ACRES
You don't say so? Ha! ha! jealous of me—that's a good joke.

ABSOLUTE There's nothing strange in that, Bob; let me tell you, that sprightly grace and insinuating manner of yours will do some mischief among the girls here.

ACRES Ah! you joke—ha! ha! mischief—ha! ha! but you know I am not my own property, my dear Lydia has forestalled me. She could never abide me in the country, because I used to dress so badly—but odds frogs and tambours! I shan't take matters so here, now ancient madam has no voice in it: I'll make my old clothes know who's master. I shall straightway cashier the hunting-frock, and render my leather breeches incapable. My hair has been in training some time.

ABSOLUTE
Indeed!

ACRES Ay—and tho'ff the side curls are a little restive, my hind-part takes it very kindly.

ABSOLUTE
Ah, you'll polish, I doubt not.

ACRES Absolutely I propose so—then if I can find out this Ensign Beverley, odds triggers and flints! I'll make him know the difference o't.

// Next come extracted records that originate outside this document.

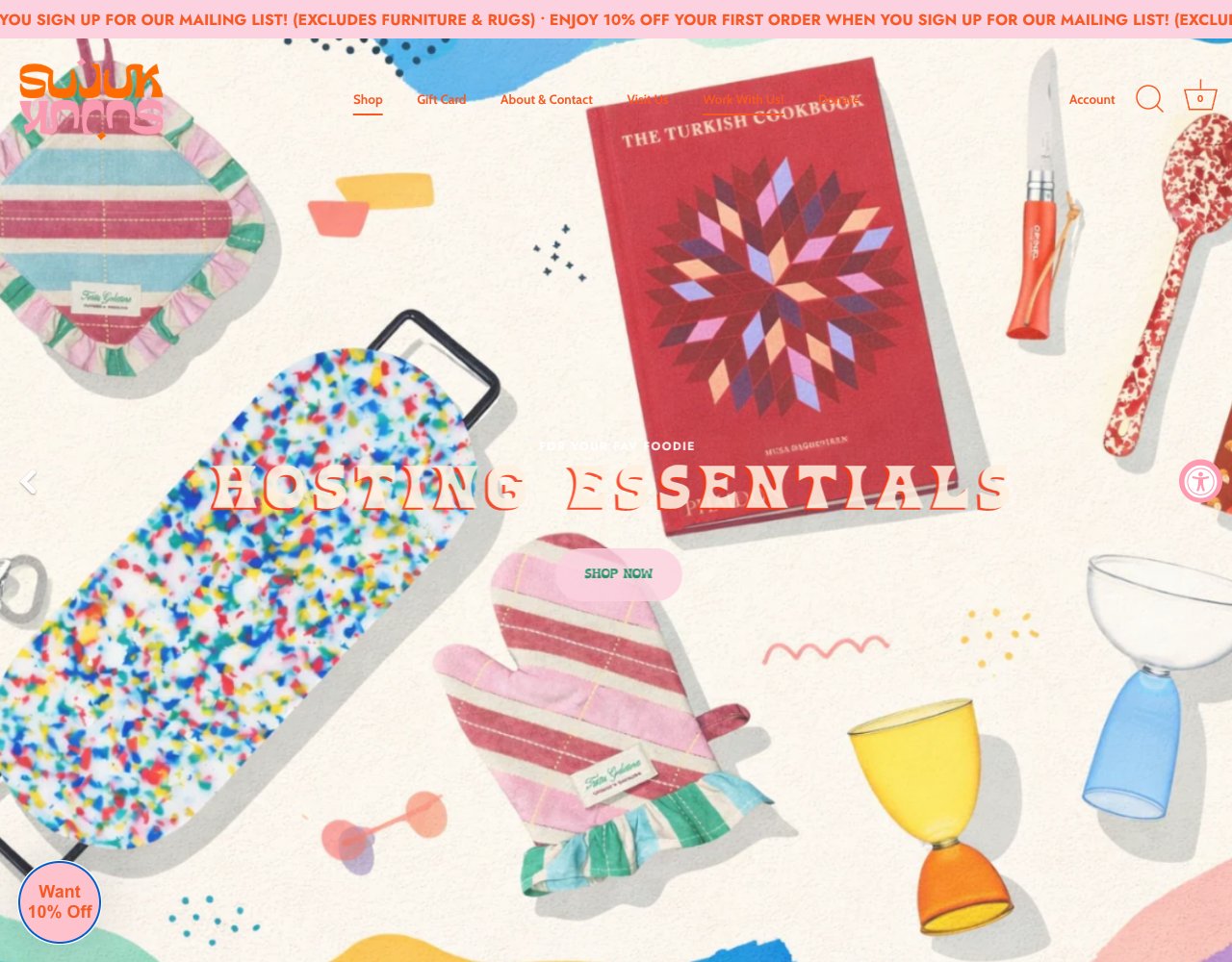 Su'juk is a Brooklyn boutique founded by Su Beyazit in 2012, offering a world of discovery through clothing, vintage items, and home goods. The name is a personal nod to a Turkish breakfast dish and the founder's childhood nickname, reflecting the shop's warm and inviting atmosphere where every piece has a story.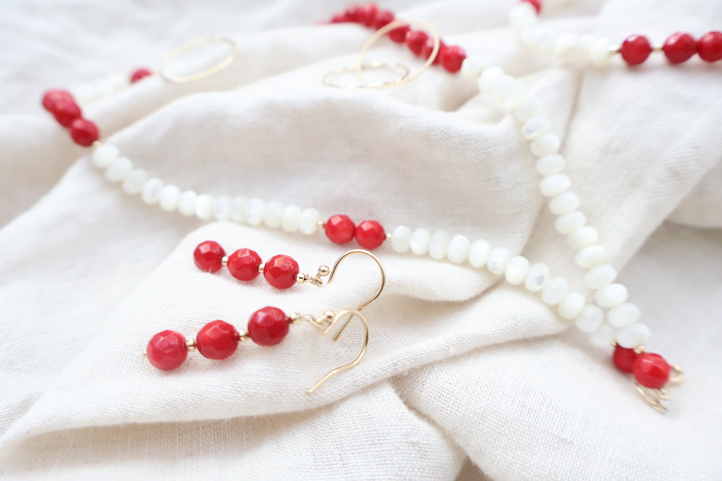 陽だまりの粒が、そっと心に触れる。染め珊瑚のやさしい色彩が、日々に穏やかな温もりを添えるコレクションです。
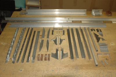 And here they all are. The parts beyond the four longerons are all the angles that go between the side skins. They are only cut to length. They don’t need a lot of shaping work but will need pilot holes before they are ready to assemble. All the ones in front of and including the longerons attach to the side skins. |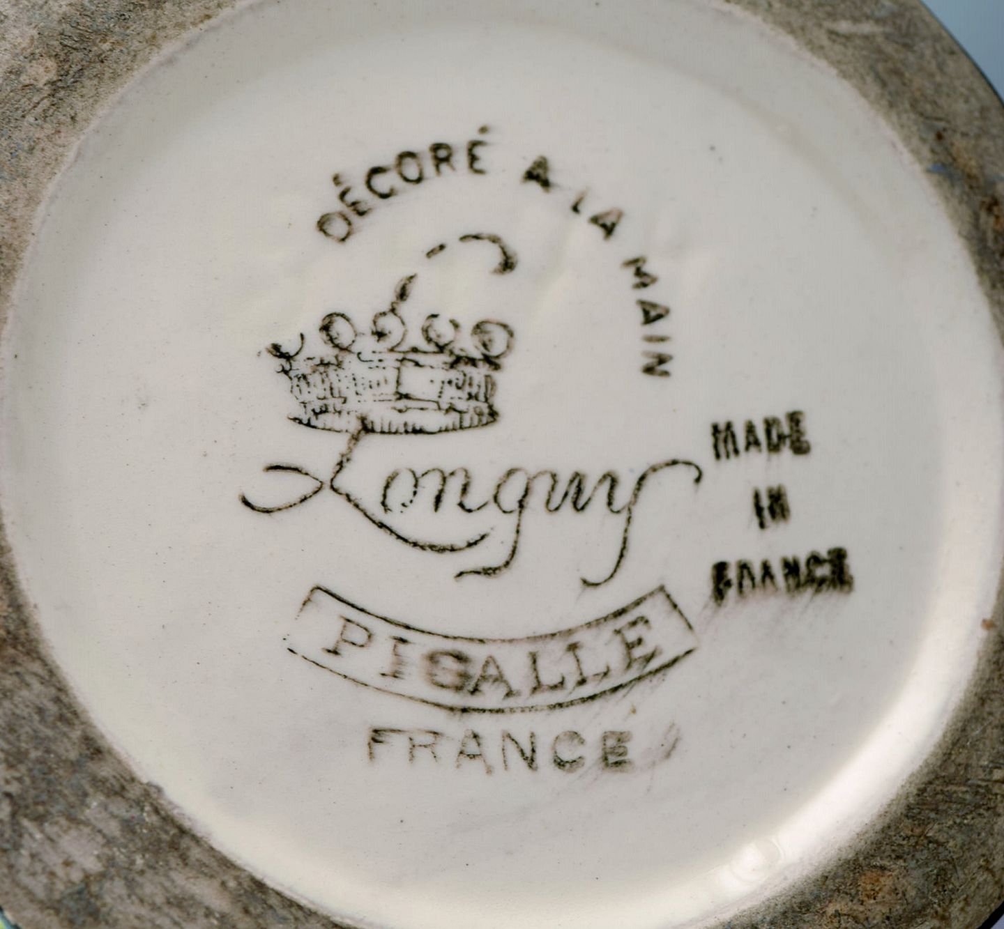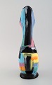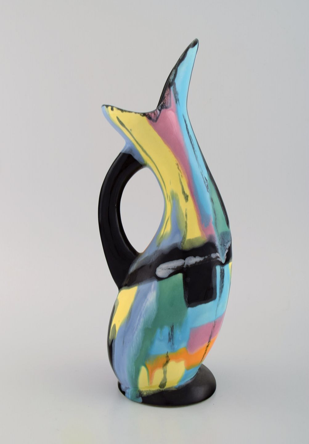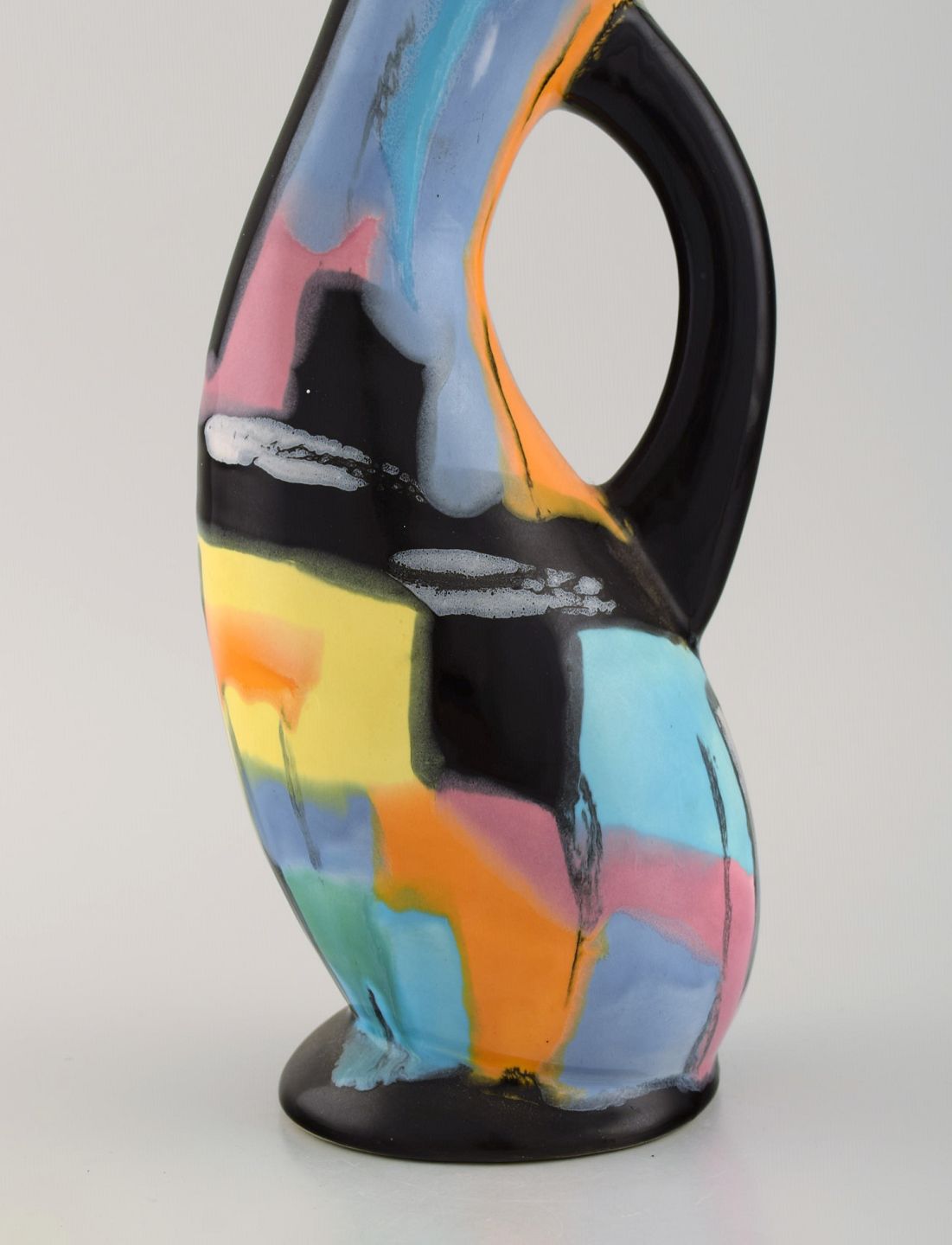 Longwy, France. Pigalle pitcher in hand-painted glazed ceramics. Abstract polychrome decoration. Mid-20th century. Measures: 30 x 11.5 cm. In excellent condition. Stamped.

ABSOLUTE Spoke like a man! But pray, Bob, I observe you have got an odd kind of a new method of swearing——

ACRES Ha! ha! you've taken notice of it—'tis genteel, isn't it!—I didn't invent it myself though; but a commander in our militia, a great scholar, I assure you, says that there is no meaning in the common oaths, and that nothing but their antiquity makes them respectable;—because, he says, the ancients would never stick to an oath or two, but would say, by Jove! or by Bacchus! or by Mars! or by Venus! or by Pallas, according to the sentiment: so that to swear with propriety, says my little major, the oath should be an echo to the sense; and this we call the oath referential, or sentimental swearing—ha! ha! 'tis genteel, isn't it?

ABSOLUTE Very genteel, and very new, indeed!—and I dare say will supplant all other figures of imprecation.